§ TASK DIRECTIONS
Pictures in the listing below are skipped, while the lines from the "(Rückgängig) in der" line through the "11月25日(木)の給食(コッペパン 牛乳 まめっこポタージュ" line are returned word for word.

§ DATA TO EXAMINE
================

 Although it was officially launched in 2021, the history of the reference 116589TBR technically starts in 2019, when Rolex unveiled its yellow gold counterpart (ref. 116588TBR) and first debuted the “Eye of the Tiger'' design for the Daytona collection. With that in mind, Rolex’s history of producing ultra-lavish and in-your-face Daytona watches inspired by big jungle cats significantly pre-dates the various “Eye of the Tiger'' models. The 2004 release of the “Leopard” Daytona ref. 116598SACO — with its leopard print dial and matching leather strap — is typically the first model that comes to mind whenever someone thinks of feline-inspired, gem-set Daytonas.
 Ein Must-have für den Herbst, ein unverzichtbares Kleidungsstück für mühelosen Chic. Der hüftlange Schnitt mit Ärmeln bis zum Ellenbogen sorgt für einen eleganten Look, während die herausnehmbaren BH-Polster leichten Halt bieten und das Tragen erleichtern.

================

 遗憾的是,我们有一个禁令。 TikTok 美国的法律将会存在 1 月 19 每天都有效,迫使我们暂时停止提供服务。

================

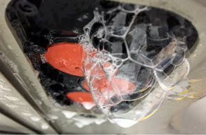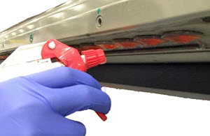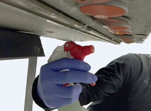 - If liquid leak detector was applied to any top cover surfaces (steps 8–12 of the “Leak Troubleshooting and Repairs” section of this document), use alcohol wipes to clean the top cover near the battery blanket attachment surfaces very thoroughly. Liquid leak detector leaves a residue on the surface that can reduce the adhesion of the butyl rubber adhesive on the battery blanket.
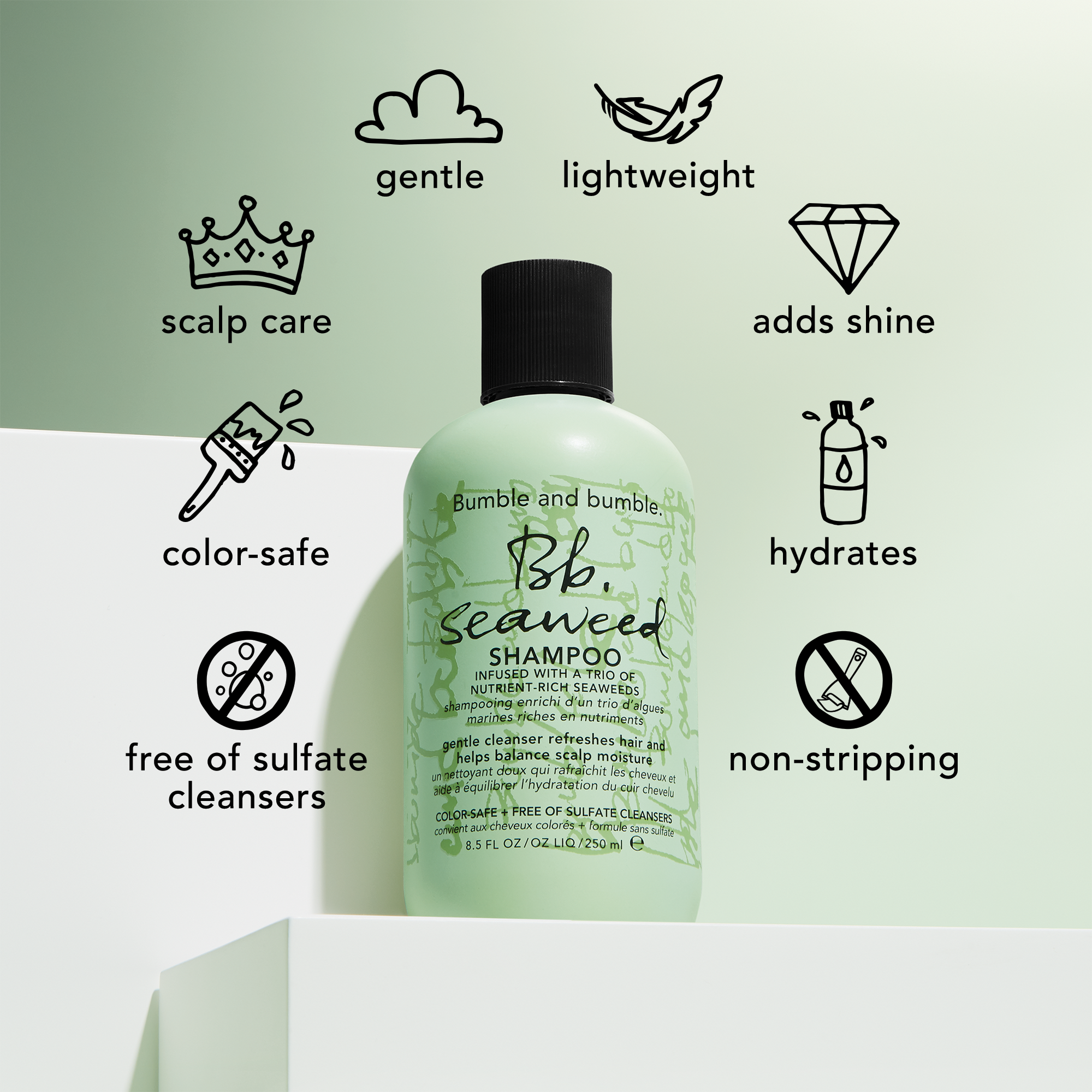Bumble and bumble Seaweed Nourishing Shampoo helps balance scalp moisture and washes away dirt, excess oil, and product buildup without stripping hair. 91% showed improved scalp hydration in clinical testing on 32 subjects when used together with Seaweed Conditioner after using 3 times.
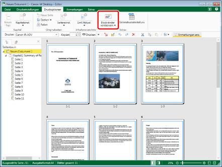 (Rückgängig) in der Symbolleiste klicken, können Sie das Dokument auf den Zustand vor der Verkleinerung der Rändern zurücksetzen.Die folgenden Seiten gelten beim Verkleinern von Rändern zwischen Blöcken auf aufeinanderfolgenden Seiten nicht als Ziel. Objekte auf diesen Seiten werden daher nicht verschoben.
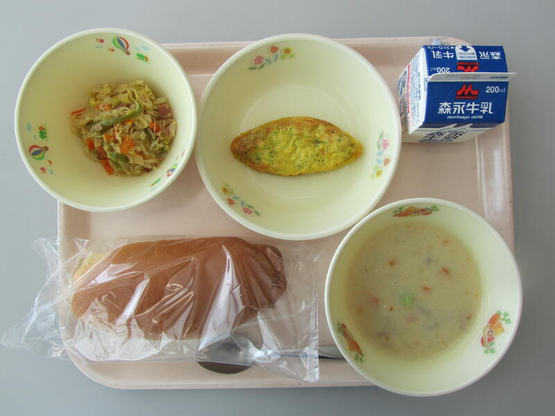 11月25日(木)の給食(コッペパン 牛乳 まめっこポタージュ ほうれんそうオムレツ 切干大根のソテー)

================

§ TASK SOLUTION
 (Rückgängig) in der Symbolleiste klicken, können Sie das Dokument auf den Zustand vor der Verkleinerung der Rändern zurücksetzen.Die folgenden Seiten gelten beim Verkleinern von Rändern zwischen Blöcken auf aufeinanderfolgenden Seiten nicht als Ziel. Objekte auf diesen Seiten werden daher nicht verschoben.
 11月25日(木)の給食(コッペパン 牛乳 まめっこポタージュ ほうれんそうオムレツ 切干大根のソテー)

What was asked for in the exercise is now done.